Reproduce only the lines below from the line containing "Drop Shoulder Button Up" to the line containing "蔡文姬的大招是法系输出的典范", exactly as written, with both end lines kept. Omit the pictures.

> [TASK MATERIAL]:
/---
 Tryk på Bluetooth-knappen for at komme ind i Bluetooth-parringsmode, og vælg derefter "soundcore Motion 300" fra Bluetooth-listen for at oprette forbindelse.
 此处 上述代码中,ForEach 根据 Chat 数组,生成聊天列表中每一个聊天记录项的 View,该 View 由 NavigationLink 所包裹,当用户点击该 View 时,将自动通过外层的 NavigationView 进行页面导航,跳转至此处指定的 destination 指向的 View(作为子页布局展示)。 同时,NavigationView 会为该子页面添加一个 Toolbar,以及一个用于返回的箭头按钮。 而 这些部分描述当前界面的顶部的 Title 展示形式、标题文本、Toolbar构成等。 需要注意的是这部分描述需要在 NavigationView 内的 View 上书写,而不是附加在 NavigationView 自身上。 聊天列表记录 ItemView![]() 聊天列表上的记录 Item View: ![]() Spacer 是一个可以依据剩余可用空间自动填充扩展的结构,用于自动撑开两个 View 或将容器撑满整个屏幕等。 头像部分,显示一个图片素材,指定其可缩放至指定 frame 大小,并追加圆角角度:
\---
/---
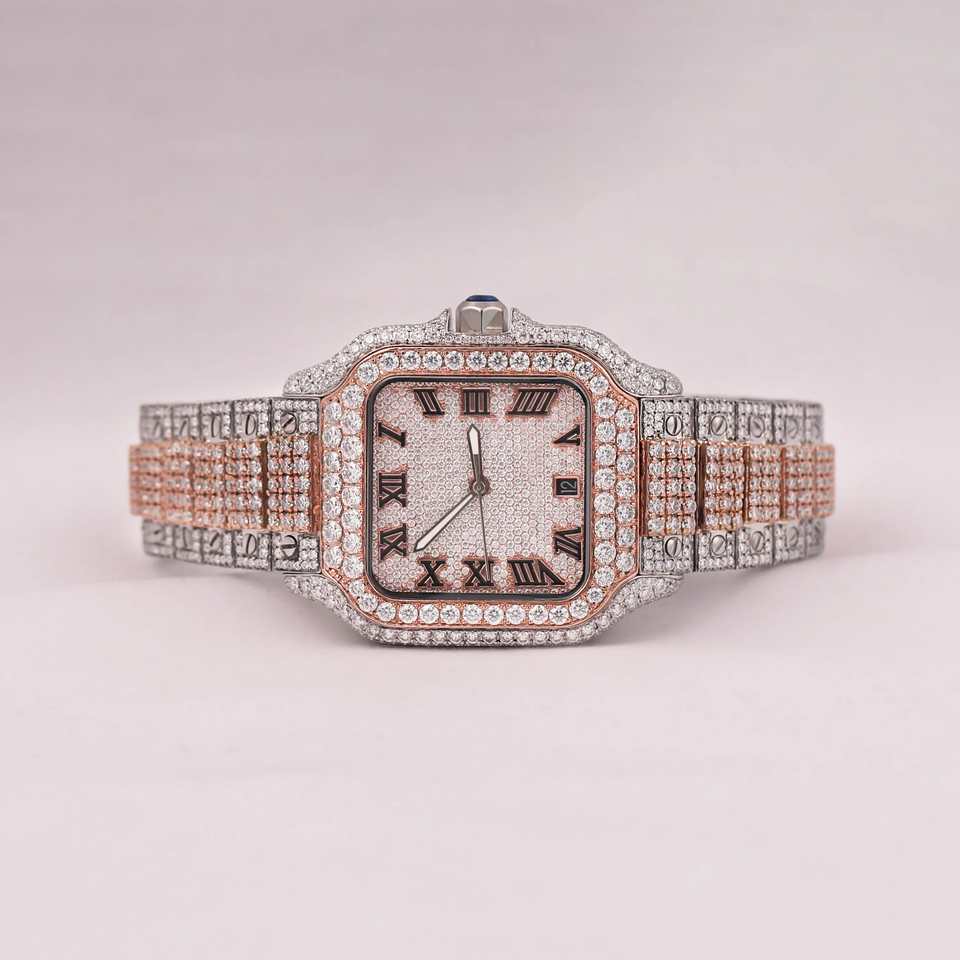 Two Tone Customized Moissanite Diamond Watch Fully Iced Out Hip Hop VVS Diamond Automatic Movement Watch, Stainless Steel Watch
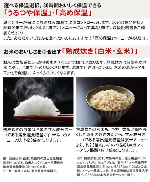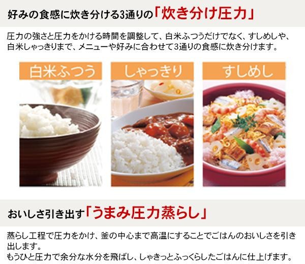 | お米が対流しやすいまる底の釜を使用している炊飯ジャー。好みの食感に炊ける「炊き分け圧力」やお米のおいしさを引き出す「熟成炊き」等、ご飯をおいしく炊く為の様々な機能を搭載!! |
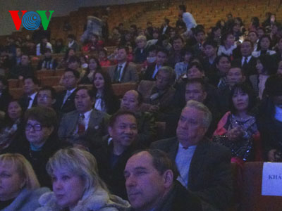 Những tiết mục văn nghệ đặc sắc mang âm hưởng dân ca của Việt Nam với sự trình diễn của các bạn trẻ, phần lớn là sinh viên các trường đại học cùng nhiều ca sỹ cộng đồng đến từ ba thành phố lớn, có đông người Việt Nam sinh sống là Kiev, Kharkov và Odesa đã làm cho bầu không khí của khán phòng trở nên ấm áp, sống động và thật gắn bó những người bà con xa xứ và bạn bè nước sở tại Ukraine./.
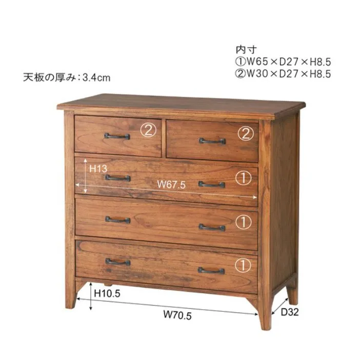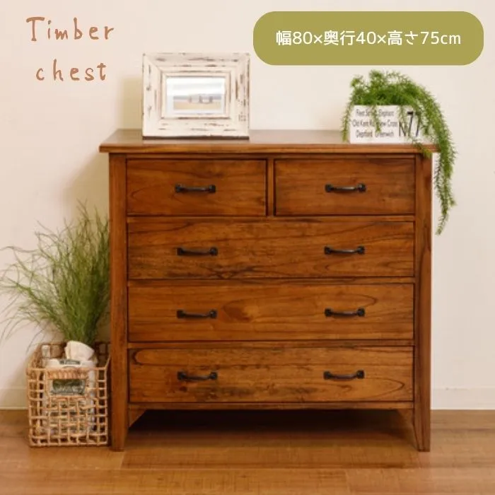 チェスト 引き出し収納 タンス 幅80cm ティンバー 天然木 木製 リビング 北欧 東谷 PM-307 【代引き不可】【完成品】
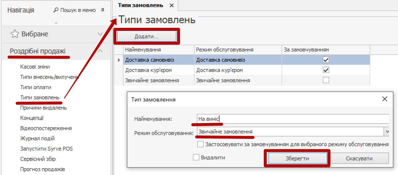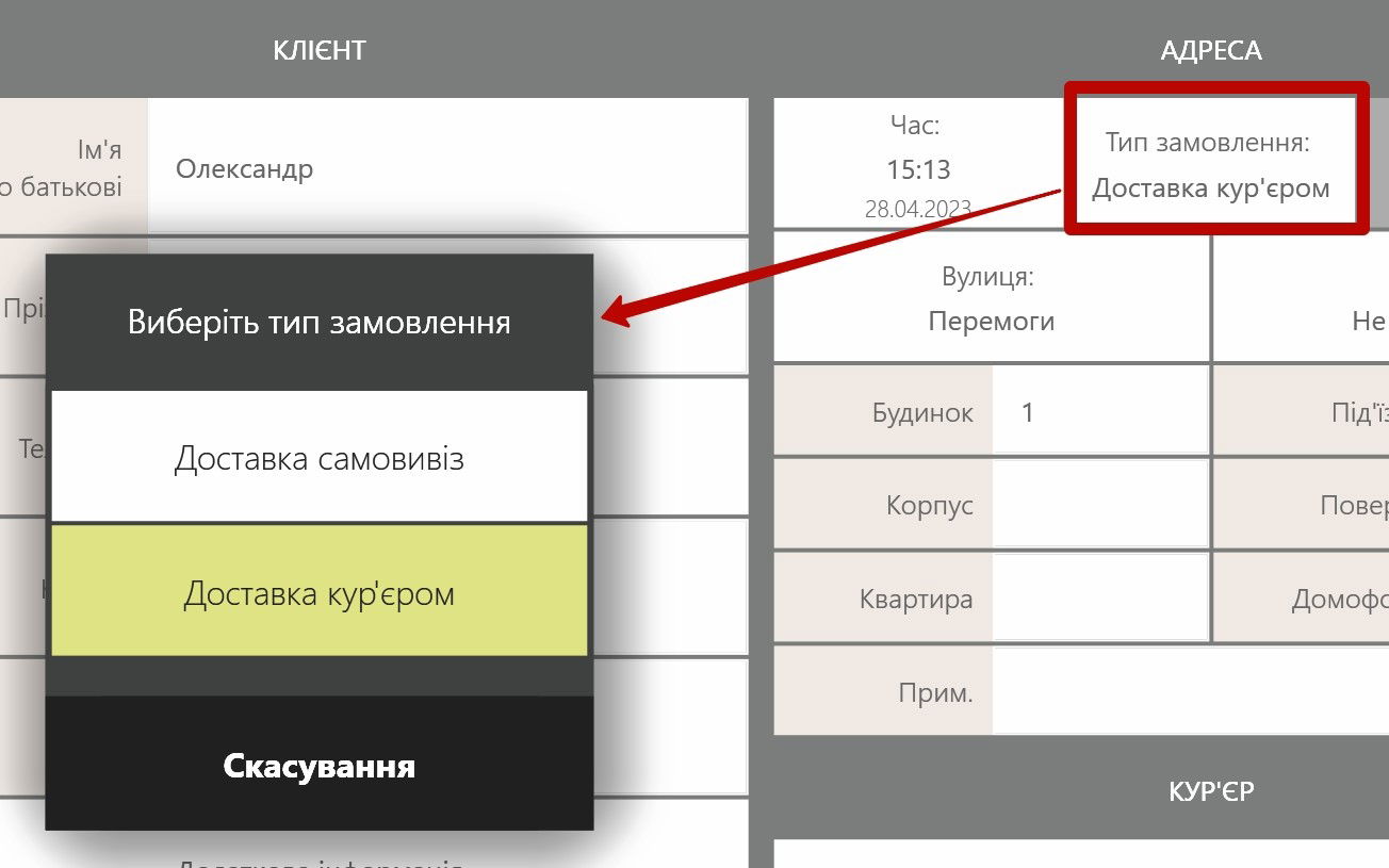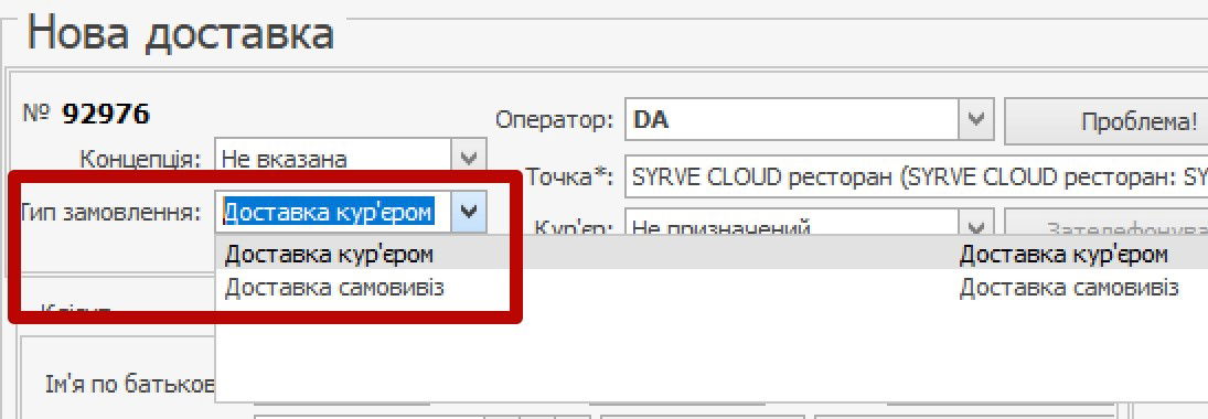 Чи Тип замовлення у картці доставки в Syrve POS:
\---
/---
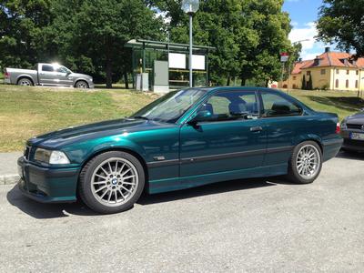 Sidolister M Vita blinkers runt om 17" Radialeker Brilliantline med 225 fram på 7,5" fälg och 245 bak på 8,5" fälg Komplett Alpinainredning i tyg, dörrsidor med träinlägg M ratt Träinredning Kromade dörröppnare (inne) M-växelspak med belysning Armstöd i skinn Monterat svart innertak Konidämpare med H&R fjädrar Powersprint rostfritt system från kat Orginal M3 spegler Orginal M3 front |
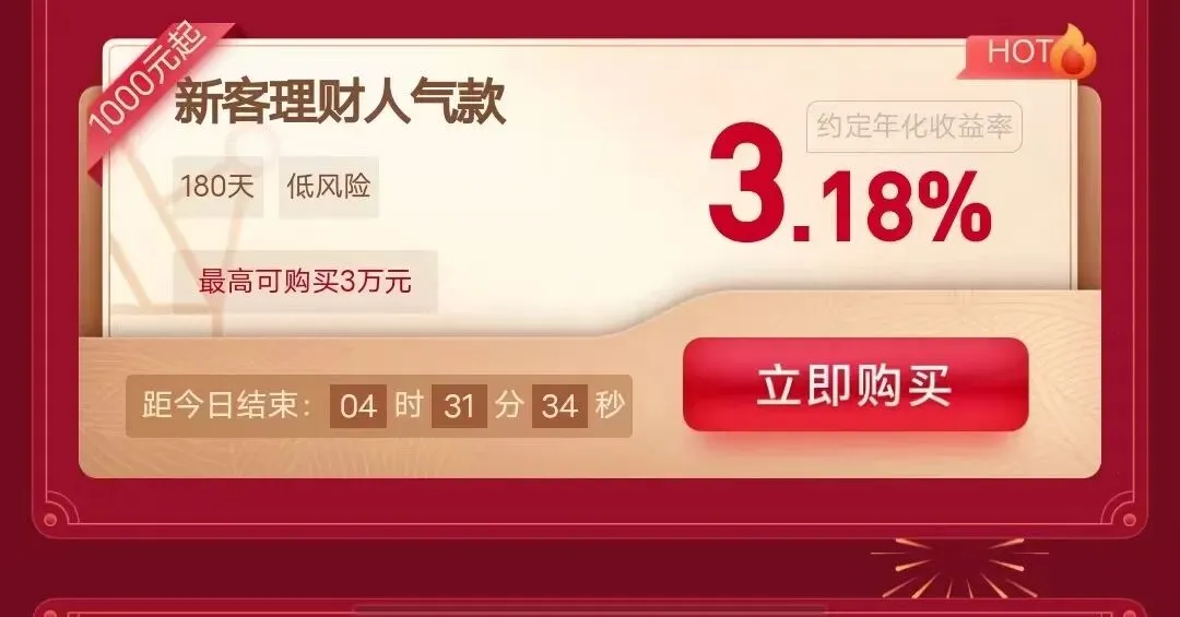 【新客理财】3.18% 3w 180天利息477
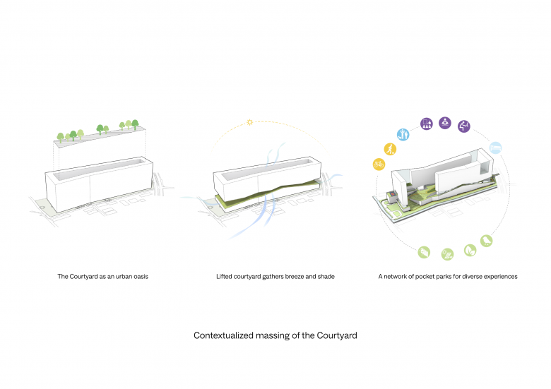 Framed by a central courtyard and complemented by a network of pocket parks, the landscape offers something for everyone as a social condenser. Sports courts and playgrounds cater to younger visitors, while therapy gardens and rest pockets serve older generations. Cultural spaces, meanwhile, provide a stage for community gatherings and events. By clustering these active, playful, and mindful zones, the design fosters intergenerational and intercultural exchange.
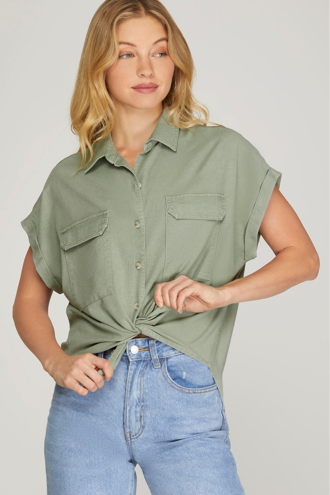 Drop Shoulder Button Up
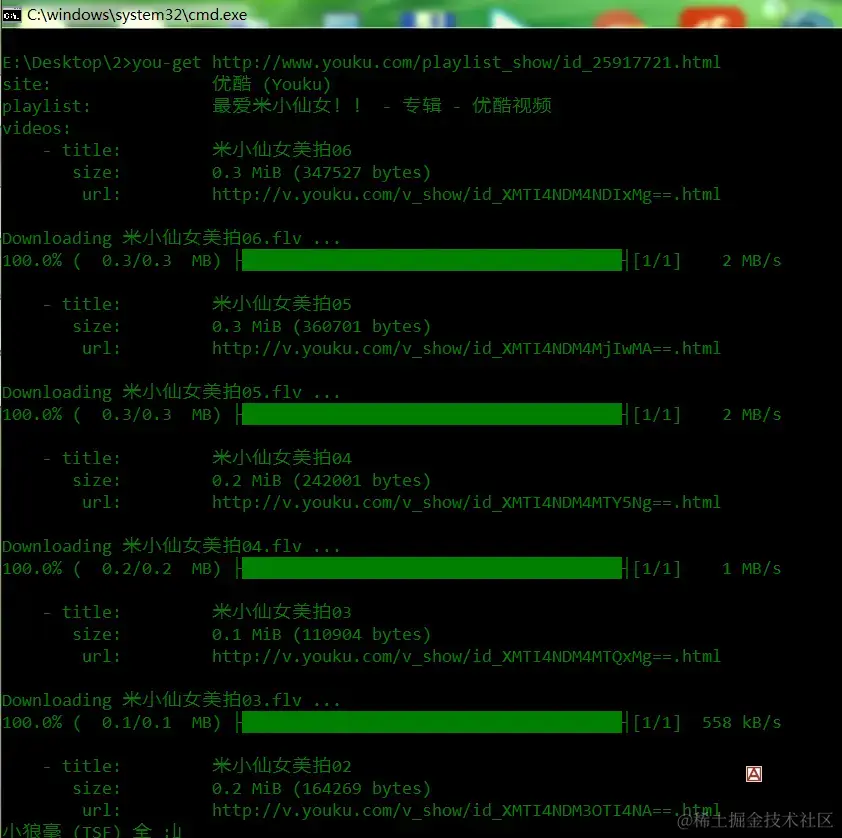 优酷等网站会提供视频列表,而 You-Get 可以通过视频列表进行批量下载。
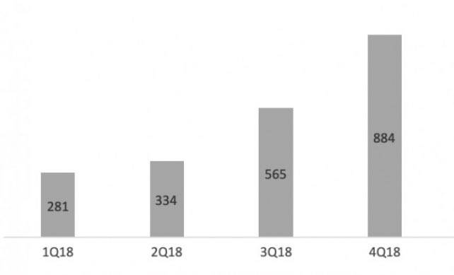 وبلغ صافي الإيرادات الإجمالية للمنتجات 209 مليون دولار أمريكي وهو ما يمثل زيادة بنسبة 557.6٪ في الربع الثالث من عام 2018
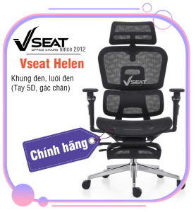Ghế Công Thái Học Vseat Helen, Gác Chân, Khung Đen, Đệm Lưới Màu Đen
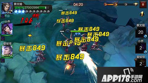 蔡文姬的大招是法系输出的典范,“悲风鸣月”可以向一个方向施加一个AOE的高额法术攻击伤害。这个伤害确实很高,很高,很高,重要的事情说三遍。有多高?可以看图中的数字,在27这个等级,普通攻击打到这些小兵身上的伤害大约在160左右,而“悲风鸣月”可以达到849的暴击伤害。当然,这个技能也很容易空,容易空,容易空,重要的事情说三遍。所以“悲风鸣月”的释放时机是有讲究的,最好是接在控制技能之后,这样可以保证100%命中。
\---
> [REPLY]:
 Drop Shoulder Button Up
 优酷等网站会提供视频列表,而 You-Get 可以通过视频列表进行批量下载。
 وبلغ صافي الإيرادات الإجمالية للمنتجات 209 مليون دولار أمريكي وهو ما يمثل زيادة بنسبة 557.6٪ في الربع الثالث من عام 2018
Ghế Công Thái Học Vseat Helen, Gác Chân, Khung Đen, Đệm Lưới Màu Đen
 蔡文姬的大招是法系输出的典范,“悲风鸣月”可以向一个方向施加一个AOE的高额法术攻击伤害。这个伤害确实很高,很高,很高,重要的事情说三遍。有多高?可以看图中的数字,在27这个等级,普通攻击打到这些小兵身上的伤害大约在160左右,而“悲风鸣月”可以达到849的暴击伤害。当然,这个技能也很容易空,容易空,容易空,重要的事情说三遍。所以“悲风鸣月”的释放时机是有讲究的,最好是接在控制技能之后,这样可以保证100%命中。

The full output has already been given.